The next few month will reveal whether there will be a slowdown in Hungary or not, the analyst said. As for the full year, Németh expects a growth rate of around 6%.
The fresh industrial data, together with the strong retail figures released recently suggest that there are no sign of a setback so far, says Péter Virovácz, head analyst at ING Bank. He is even more optimistic than Németh and says that industrial growth might be as high as 6.5% in 2019. However, a narrowing order stock might result in a slower pace next year: Virovácz expects an annual growth rate of 4.5% in 2020.
The slowdown detected in October from the previous month was mainly caused by the high base in 2018, but the Hungarian industry still notably outperforms others in the European Union, especially that of Germany.

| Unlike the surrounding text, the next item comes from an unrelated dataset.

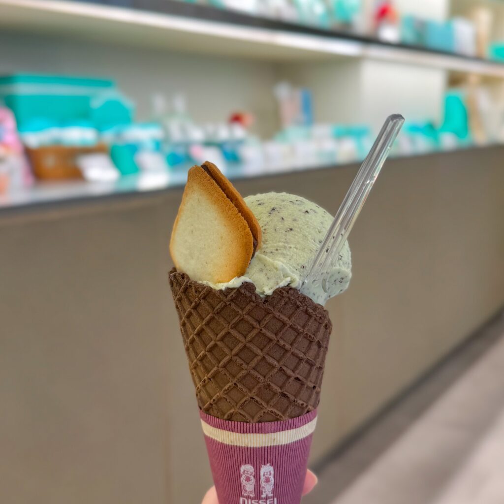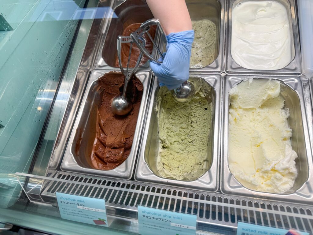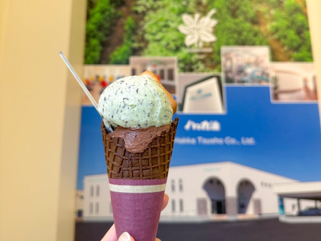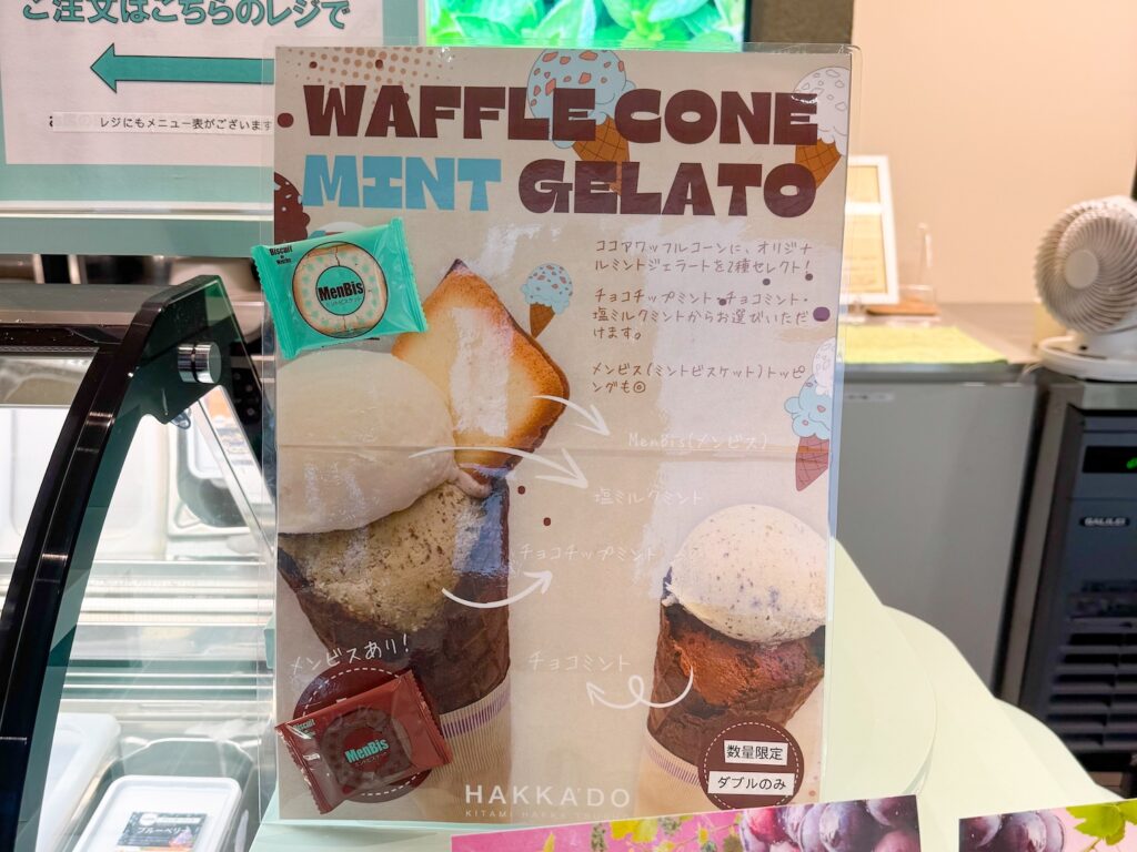 薄荷愛溢れる北見ハッカさんの札幌ショールームでいただく絶品チョコミントジェラート。

The high rate of foreign direct investment also contributed to the still strong industrial figures, says Gergely Suppan of Takarékbank. He identifies, however, downward risks such as the slowdown of the Chinese and U.S. economies, and the recession in Europe, and also uncertainties about Brexit. He expects a growth rate of above 6% this year, which might slow to 4.8% in 2020.
Consumer prices were 3.4% higher on average in November than a year earlier. Significant price rises were measured over the past year for alcoholic beverages and tobacco as well as food.
The November figure is higher than analysts’ expectations; however, it is thought likely to be only temporary. As for the next year, the National Bank of Hungary (MNB) still expects the inflation rate to be around 3%, which is the central bank’s medium-term target.
Inflation accelerated by 0.5% from the previous month, the KSH data reveals. The MNB explains the higher prices with low fuel prices at the end of last year; therefore, it is not a long-lasting effect, according to the bank.
Food prices went up by 5.5% in November on a year-on-year basis. The price of alcoholic beverages and tobacco rose by 8.3% on average, within which tobacco prices were up by 12.1%. Consumers paid 3.4% more for services; electricity, gas and other fuels became 0.7% more expensive.
The MNB has been communicating for a while that a higher inflation rate is only temporary, and the consumer price index will return to the 3% level next year. The explanation for this is that, although the massive wage raises and increased consumer purchasing power generates inflation, the deteriorating external economic situation will push down the index. Also, the MNB believes that this latter effect is stronger than those elevating the inflation rate.
However, an increasing number of optimistic economic forecasts have been released lately, and more and more analysts think that economic slowdown will not be permanent. The reason for this is probably the fact that central banks have reacted fast, and got engaged in loose monetary conditions again, which increases liquidity and, therefore, an economic setback can be nipped in the bud.
If the global economy is indeed in a better shape, it will minimize downward risks, which alone could increase the consumer price index in 2020. After the rate setting meeting of the MNB in December, we’ll find out whether the rate-setters perceive changes in the external factors and modify their forecast for next year accordingly.
The Central Statistical Office (KSH) will publish fresh data on the October performance of Hungary’s construction sector on December 13. On December 23, KSH will release the second estimate of external trade of goods. Between the two dates, on December 17, the Monetary Council of the National Bank of Hungary will hold its last rate-setting meeting of 2019.